- [Dataset excerpt]:

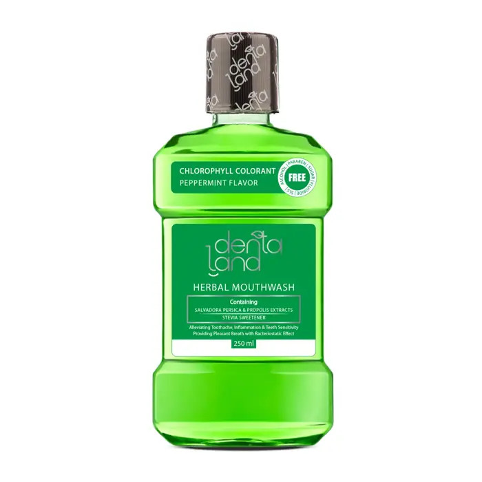 دهانشویه گیاهی غیرالکلی Dentaland با ترکیبی منحصر به فرد از عصارههای طبیعی و مواد فعال، به منظور بهبود بهداشت دهان و دندان و پیشگیری از مشکلات مختلف دهانی تولید شده است. عصاره روغنی نعنا فلفلی در این دهانشویه خوشبو کننده دهان است و همچنین با خواص ضدعفونیکننده، به تسکین التهاب لثهها کمک میکند، بعلاوه به این دهانشویه عطر و بوی خوشی میدهد که تجربه استفاده از آن را دلپذیرتر میکند. عصاره آویشن به دلیل خواص مهارکننده باکتریایی خود، در کاهش باکتریهای مضر دهان و پیشگیری از بوی بد نفس تاثیرگذار است. عصاره گل میخک و برگ درخت چای با کاهش التهاب لثهها و از بین بردن باکتریهای مضر در حفظ سلامت دهان و دندان موثرند. عصاره آلوئهورا نیز رطوبت دهان را افزایش داده و خشکی بعد از مسواک زدن را میکاهد. در این دهانشویه گیاهی عصاره برهموم با خواص ضدعفونیکننده و ضد التهابی خود، به تقویت سلامت دهان میپردازد و در پیشگیری از عفونتهای دهانی و مشکلات لثه اثرگذار است.
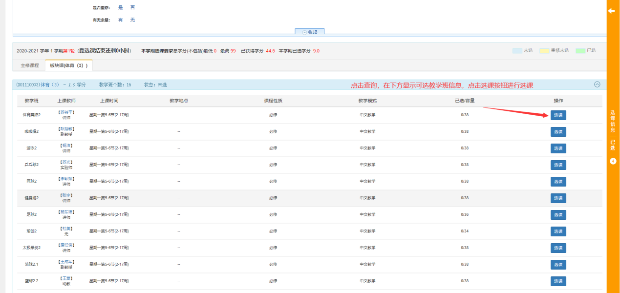 选课页面中选择主修课程或者板块课程:2022级2022体育、2023级2023体育、2024级2024体育,点击查询按钮,查询后下方显示可选的教学班。
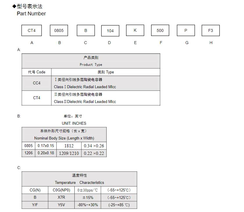 風(fēng)華高科徑向引線多層陶瓷電容型號命名規(guī)則:

- [What the exercise asks]: The answer should be the full material above, printed exactly, with no pictures in it.

- [Answer box]:
 دهانشویه گیاهی غیرالکلی Dentaland با ترکیبی منحصر به فرد از عصارههای طبیعی و مواد فعال، به منظور بهبود بهداشت دهان و دندان و پیشگیری از مشکلات مختلف دهانی تولید شده است. عصاره روغنی نعنا فلفلی در این دهانشویه خوشبو کننده دهان است و همچنین با خواص ضدعفونیکننده، به تسکین التهاب لثهها کمک میکند، بعلاوه به این دهانشویه عطر و بوی خوشی میدهد که تجربه استفاده از آن را دلپذیرتر میکند. عصاره آویشن به دلیل خواص مهارکننده باکتریایی خود، در کاهش باکتریهای مضر دهان و پیشگیری از بوی بد نفس تاثیرگذار است. عصاره گل میخک و برگ درخت چای با کاهش التهاب لثهها و از بین بردن باکتریهای مضر در حفظ سلامت دهان و دندان موثرند. عصاره آلوئهورا نیز رطوبت دهان را افزایش داده و خشکی بعد از مسواک زدن را میکاهد. در این دهانشویه گیاهی عصاره برهموم با خواص ضدعفونیکننده و ضد التهابی خود، به تقویت سلامت دهان میپردازد و در پیشگیری از عفونتهای دهانی و مشکلات لثه اثرگذار است.
 选课页面中选择主修课程或者板块课程:2022级2022体育、2023级2023体育、2024级2024体育,点击查询按钮,查询后下方显示可选的教学班。
 風(fēng)華高科徑向引線多層陶瓷電容型號命名規(guī)則:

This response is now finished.